KZTC-LD, virtual and VHF digital channel 7, is an American low-powered AMGTV-affiliated television station licensed to San Diego, California, and owned by Civic Light, Inc.

KZTC-LD transmits from Mount Woodson, northeast of Poway, and serves mainly the northwest portion of coastal San Diego County. Its signal also reaches other parts of east San Diego County, albeit with some interference. When the station is on the air with its VHF signal on channel 7, it blocks Los Angeles' ABC-owned KABC-TV, which also has a digital signal on channel 7 that can be received when KZTC is off the air for whatever reason.  The station went from airing infomercials to rebroadcasting MundoFox (now defunct) from XHDTV-TDT's second digital subchannel (49.2), a MyNetworkTV affiliate, operated by Entravision Communications.

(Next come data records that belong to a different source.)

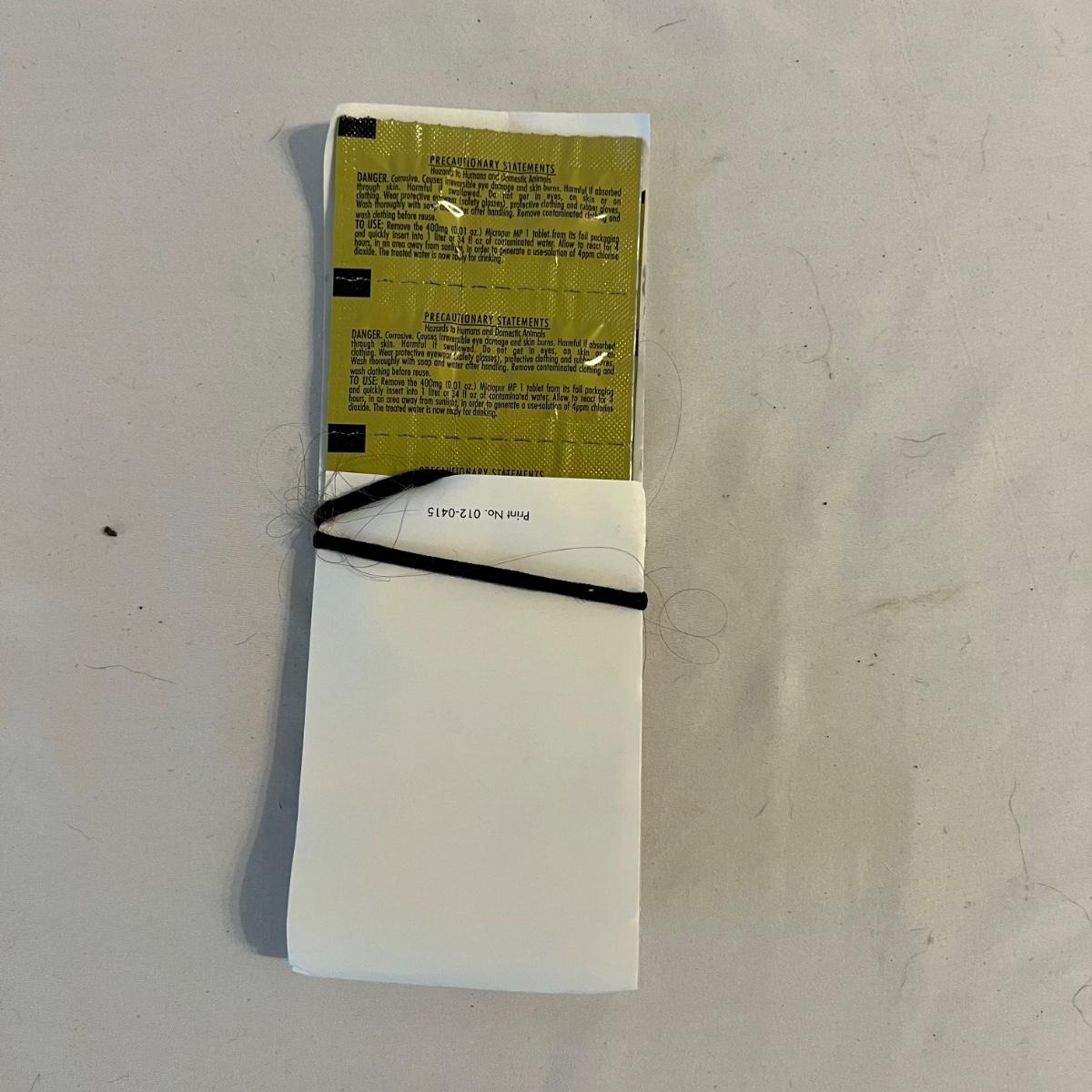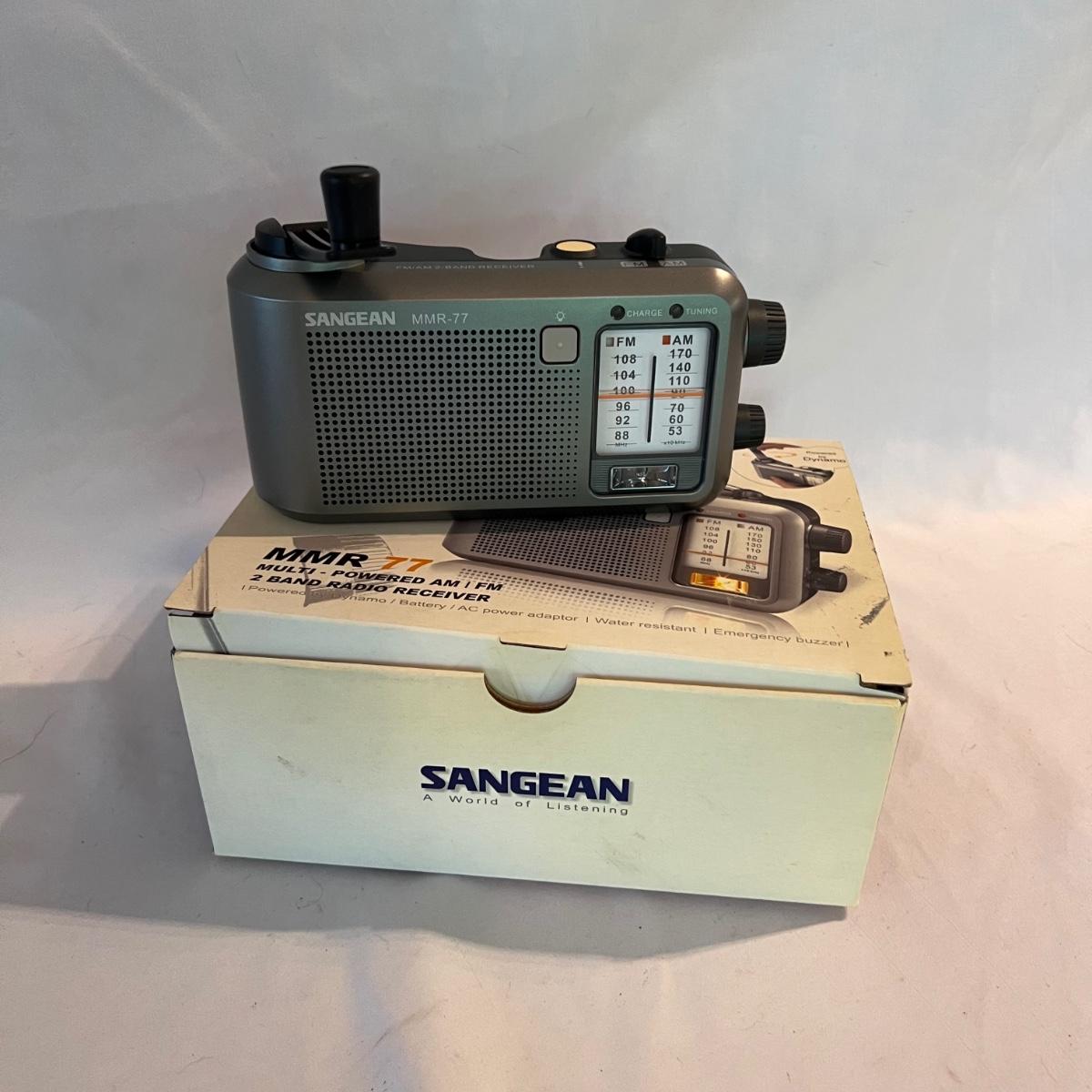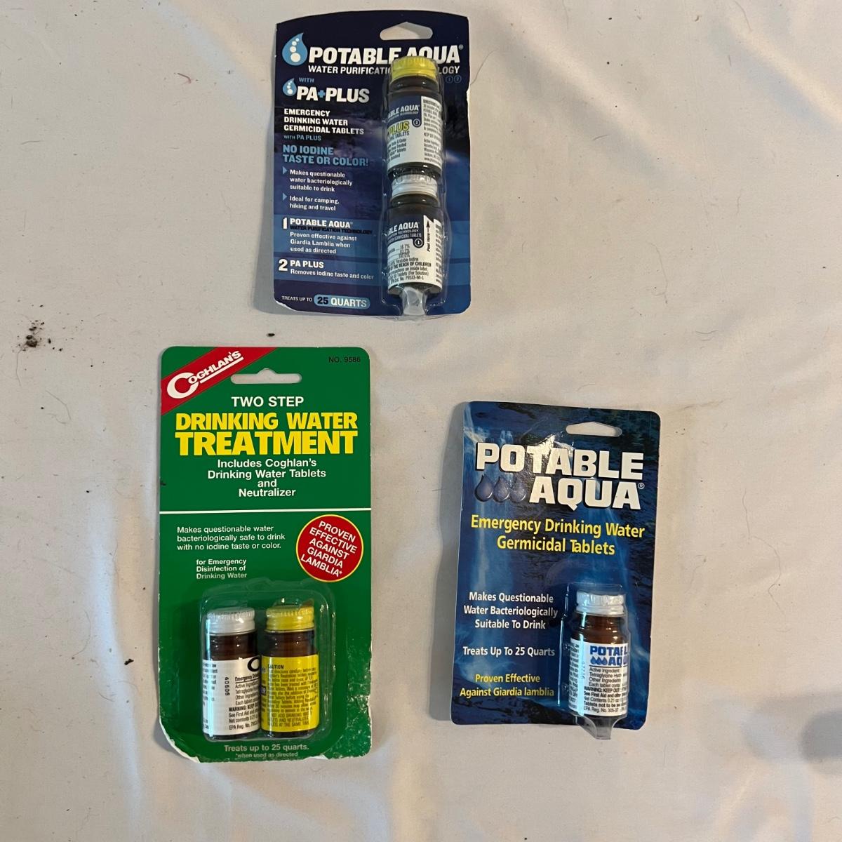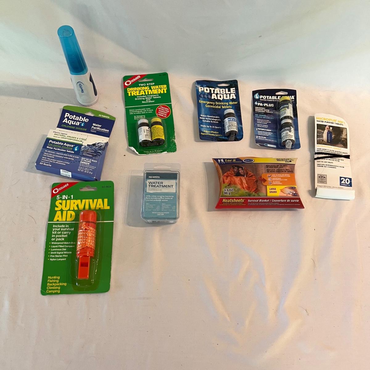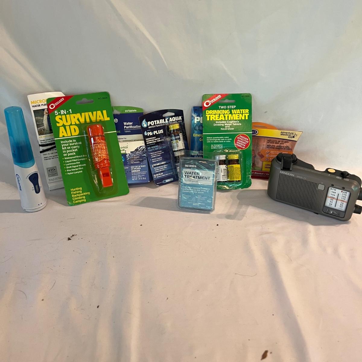 A collection of water, treatment, wet weather, and basic survival equipment. Includes Sangean MMR 77 multi-powered AM/FM, two band radio receiver which powers on when cranked. Also includes a SteriPEN UV water purifier, germicidal tablets, a 5-in-1 survival aid and a survival blanket.
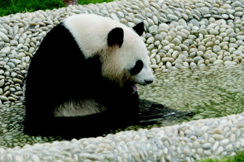 早上8点,气温逐渐升高。运动了一身汗的贝贝转身来到了水池边想洗个澡。下水前,贝贝还用一只爪子试了试水温,感觉水温合适才下水。毕竟是“女孩子”,贝贝泡澡时一直背对着游客。可能是泡澡太舒服,贝贝也忘了“害羞”,直接转过身面对游客的目光。洗完澡,爱好爬高的贝贝来到木架子前,身手矫健地爬了上去,然后找了个舒服的地方趴下来想睡个回笼觉。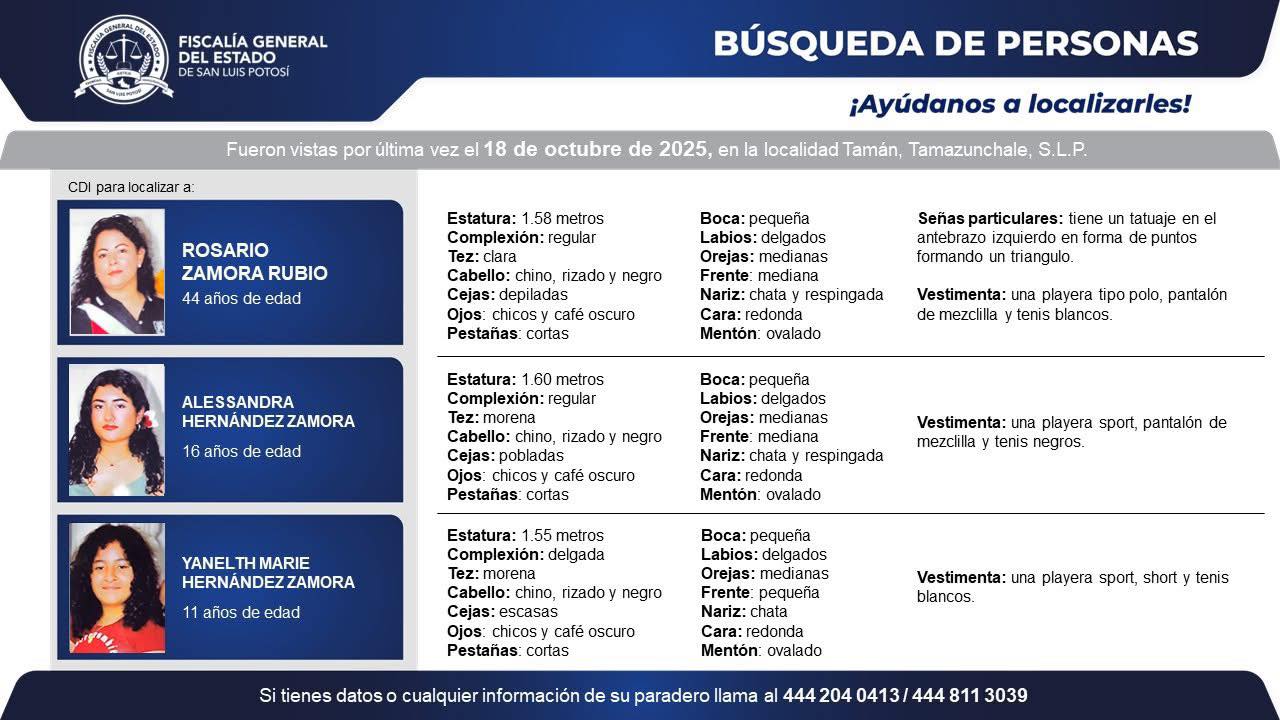 MADRE E HIJAS NO HAN SIDO LOCALIZADAS EN TAMAZUNCHALE DESDE HACE 5 DÍAS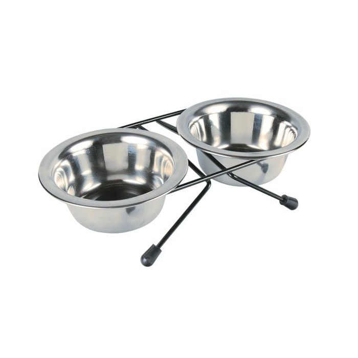 - 2 miski ze stali nierdzewnej na stojaku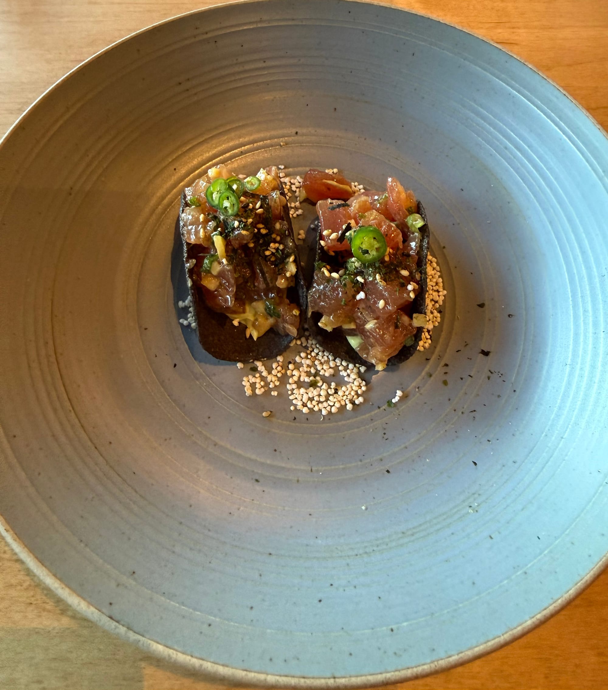 To begin, from the "Crudos" came the Taquitos De Atún, a tuna crudo with soy, sesame, ginger, green onion, chile piquín, and furikake. I don't need to reiterate my affinity for tuna tostadas, though this was a slightly different vehicle for the raw fish: small blue-corn tortillas were fried into mini crunchy taco shells, making for an easy bite, and the Japanese seaweed powder added a nice pop of umami. The peppers were nuanced, which leveled the dish well, even if I would have been happy with a handful more for additional heat.
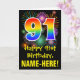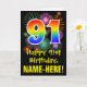91. Geburtstag: Fun Fireworks Muster + Regenbogen Karte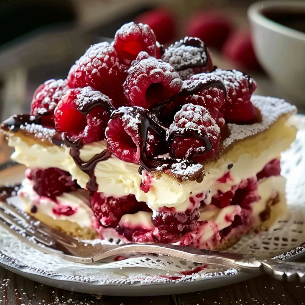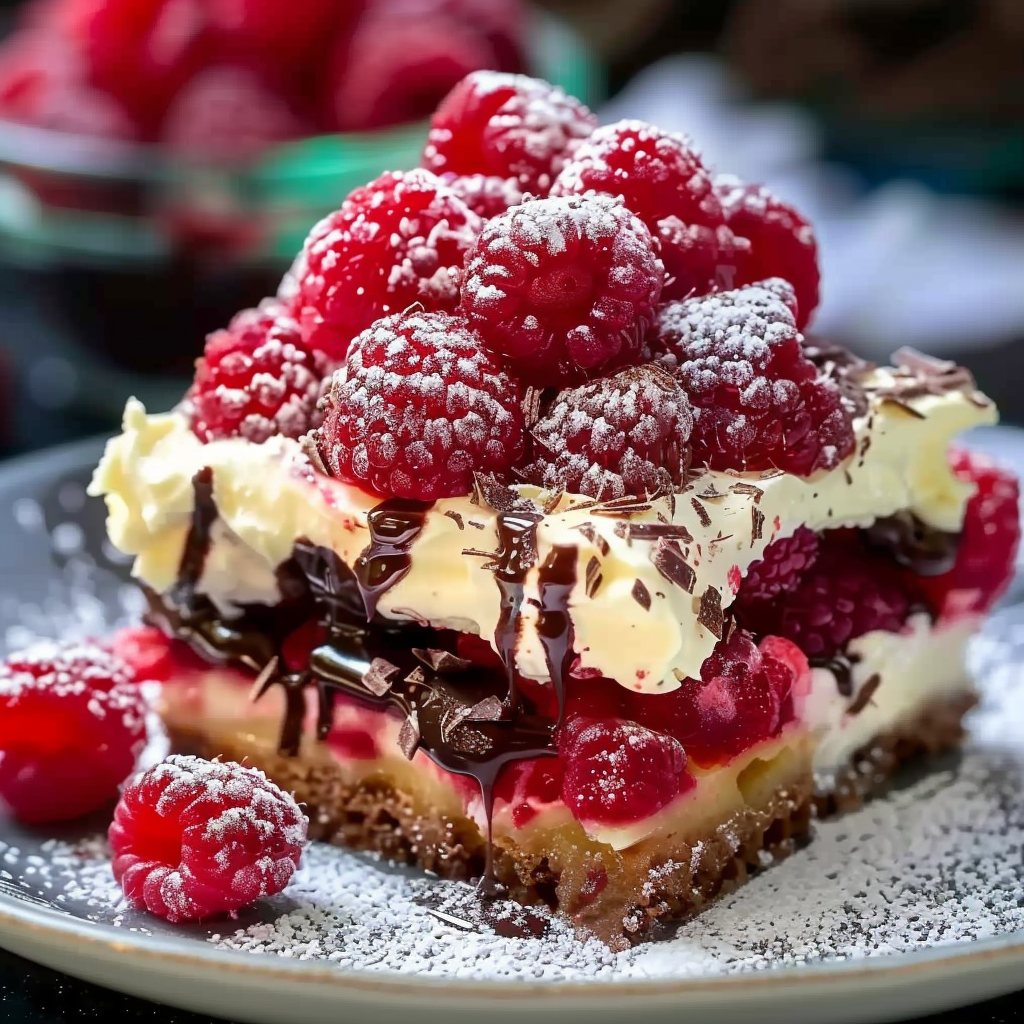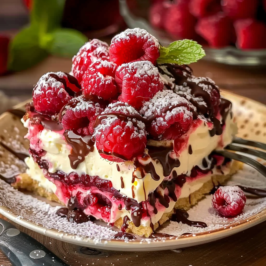 Before serving, garnish with fresh raspberries, a light dusting of powdered sugar, and optional mint or shaved white chocolate.

The station's schedule consists of nonstop paid programming. Owner Civic Light Television claims to have operated low power television operations in the San Diego area since 1990, when the FCC began to authorize television stations of that type. While KZTC's license goes back to 1990 when it operated on UHF channel 63 as "Bay 63" (with the call sign K63EN), it moved to analog VHF channel 7 in July 2010 in order to vacate the defunct channel 52-69 channel space in the FCC's revised UHF bandplan.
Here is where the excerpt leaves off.